C’est en novembre 1947 qu’Antonin Artaud a enregistré Pour en finir avec le jugement de Dieu. Cette commande de la Radio Diffusion française fut programmée pour le 2 février 1948. Mais sa direction redouta le scandale que cette émission avait annoncé. La presse lui emboîta le pas par anticipation pour juger ce fleuron explosif.
Un jury de journalistes, d’artistes et d’écrivains fut réuni pour évaluer ce déluge de cris, de bruitages et surtout de convulsions poétiques. Certains ont soutenu ce projet dont principalement Jean Paulhan, Louis Jouvet, Jean Cocteau, René Char. Mais l’émission n’a pas été diffusée.
Demeure néanmoins la trace (et bien plus) que cette Œuvre-testament où transparaît Artaud marqué par la drogue, les internements et qui va mourir dès le 4 mars 1948. Le texte déborde de transgressions triviales, d’imprécations fiévreuses et de fulgurances visionnaires : “Il faut que des champs d’activités nouvelles soient créés, ce sera le règne enfin de tous les faux produits fabriqués, de tous les ignobles ersatz synthétiques où la belle nature vraie n’a que faire”, lance par exemple Artaud qui, par la bande, rappelle “sa” terre des “Tarahumaras”.
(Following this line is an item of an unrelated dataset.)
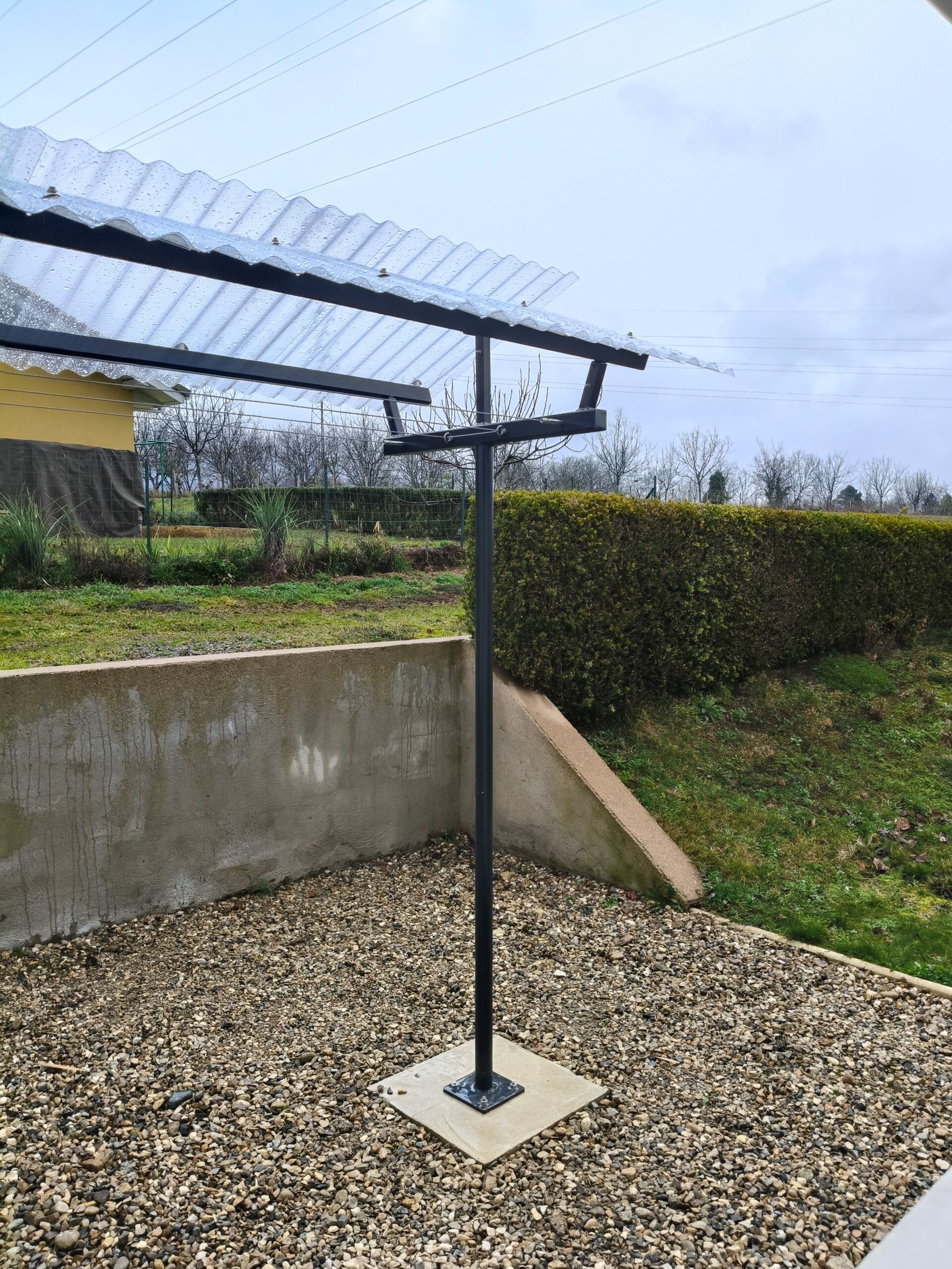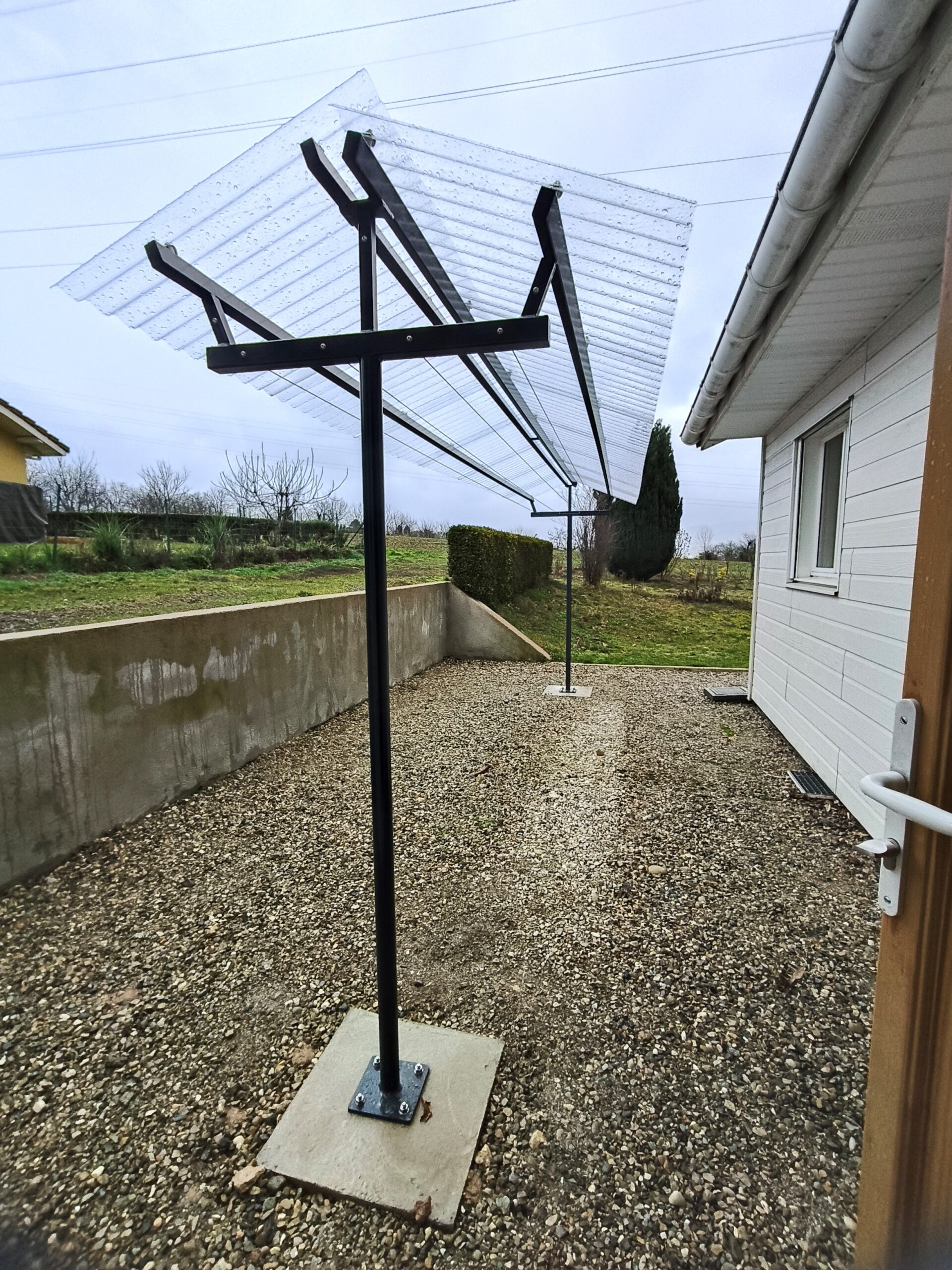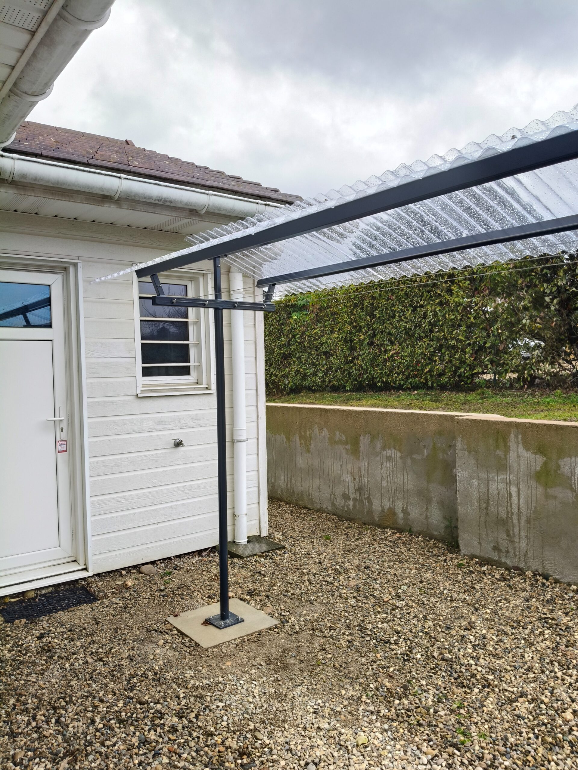 Suite à un déménagement, notre cliente souhaitait retrouver le confort d’un étendoir extérieur avec toit, comme dans son ancien logement. Face à l’absence de solutions adaptées sur le marché, elle s’est tournée vers le sur-mesure. Son besoin était précis : un étendoir robuste, parfaitement dimensionné, avec un toit en onduline transparente pour laisser passer la lumière sans gêner le sommeil de sa fille, dont la chambre se situe à proximité. Nous avons donc conçu une solution personnalisée, pensée pour s’intégrer harmonieusement à son environnement tout en répondant à ses contraintes du quotidien.
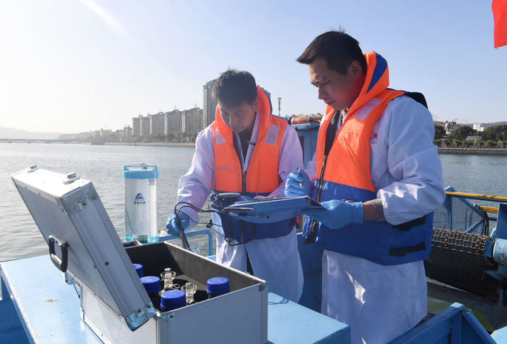 在丹江口庫(kù)區(qū)河南淅川縣鸛河流域城區(qū)段,南陽市生態(tài)環(huán)境局淅川分局工作人員記錄采樣水質(zhì)情況(2024年11月28日攝)。新華社記者 郝源 攝

L’édition du texte intégral est suivie par un dossier d’élucubrations « édifiantes » d’articles de presse d’époque. Partisans et opposants se succèdent. Pudibonds et défenseurs sont partagés. Mais jaillit ce qui les a ébahis ou sonnés par sa violence lyrique : ce chant dissonant à dessein, prophétique et enflammé.
jean-paul gavard-perret
Antonin Artaud, Pour en finir avec le jugement de Dieu, Allia, Paris, 2024, 96 p. — 8,00 €.